Automakers Boost Incentive Spending, Edmunds.com Says
February 03, 2009
SANTA MONICA, Calif. - Automakers, in an effort to clear out old inventory and pare rising stockpiles of unsold cars, boosted incentive spending dramatically from a year ago, according to estimates calculated by Edmunds.com
, parent of AutoObserver.com
.
"Automakers need to clear out leftover inventory from the 2008 model year, and that effort is boosting the average incentive cost for the industry," said Jesse Toprak, Edmunds.com's executive director of Industry Analysis. "Last month, 27 percent of all new vehicles sold were from the 2008 model year while during January 2008, only 12 percent of new vehicle sales were from the previous model year's inventory."

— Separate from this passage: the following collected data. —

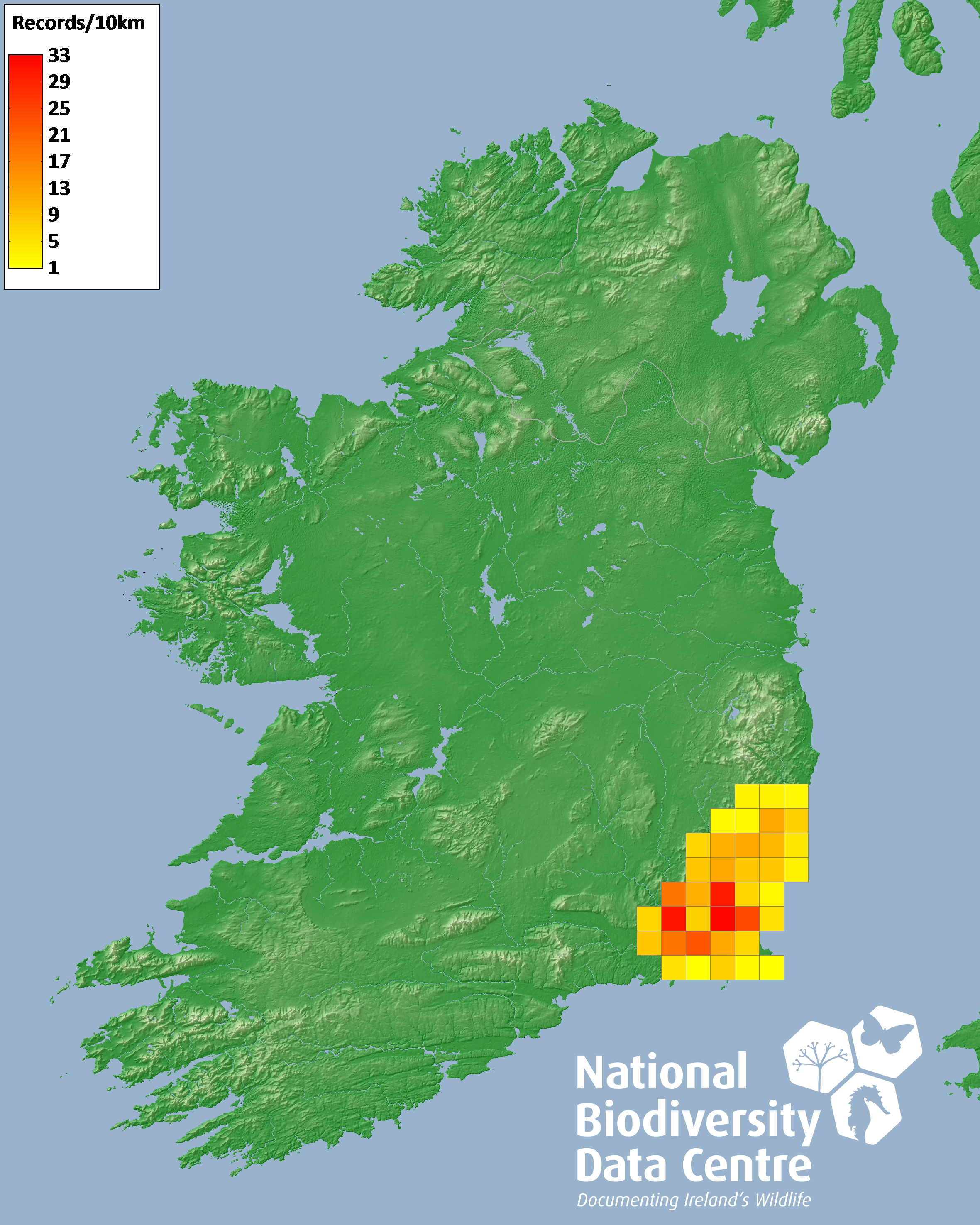 Distribution of the number of records recorded within each 10km grid square (ITM).Marine Map - 50km
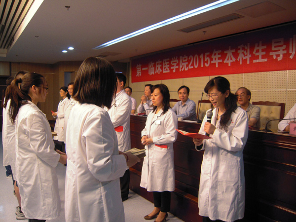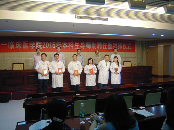 2015年5月25日下午17:30,第一临床医学院第十四批本科生导师制聘任及拜师仪式在附属医院南院学术报告厅召开。第一临床医学院院长汪悦教授、刘军副院长、过伟峰副院长等院领导、全体十四批本导教师、学生参加了本次大会。会议由薛建国副书记、副院长主持。
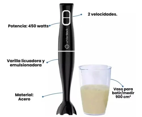 Equipada con dos niveles de velocidad, varilla emulsionadora de acero y un vaso medidor de 900 cm³, esta licuadora manual se adapta a múltiples preparaciones como salsas, cremas, smoothies y emulsiones. Su estructura resistente y su sistema de acople seguro aseguran un funcionamiento estable, convirtiéndola en una opción confiable para quienes buscan practicidad y precisión en cada receta.

The average automotive manufacturer incentive in the U.S. was $2,714 per vehicle sold in January 2009, down $148, or 5.2 percent, from December 2008, and up $301, or a dramatic 12.5 percent, from January 2008, according to Edmunds.com.
Still, the incentives are expected to have little impact on sales. Edmunds.com forecasts January's U.S. car sales will come in at a weak 730,000 units, down 18 percent from very weak sales in December and 30 percent from last January.
The Incentives Breakdown
Combined incentives spending for domestic manufacturers averaged $3,438 per vehicle sold in January, down from $3,709 in December 2008, according to Edmunds.com. From December 2008 to January 2009, European automakers increased incentives spending by $329 to $3,297 per vehicle sold; Japanese automakers increased incentives spending by $27 to $1,775 per vehicle sold; and Korean automakers increased incentives spending by $197 to $2,963 per vehicle sold.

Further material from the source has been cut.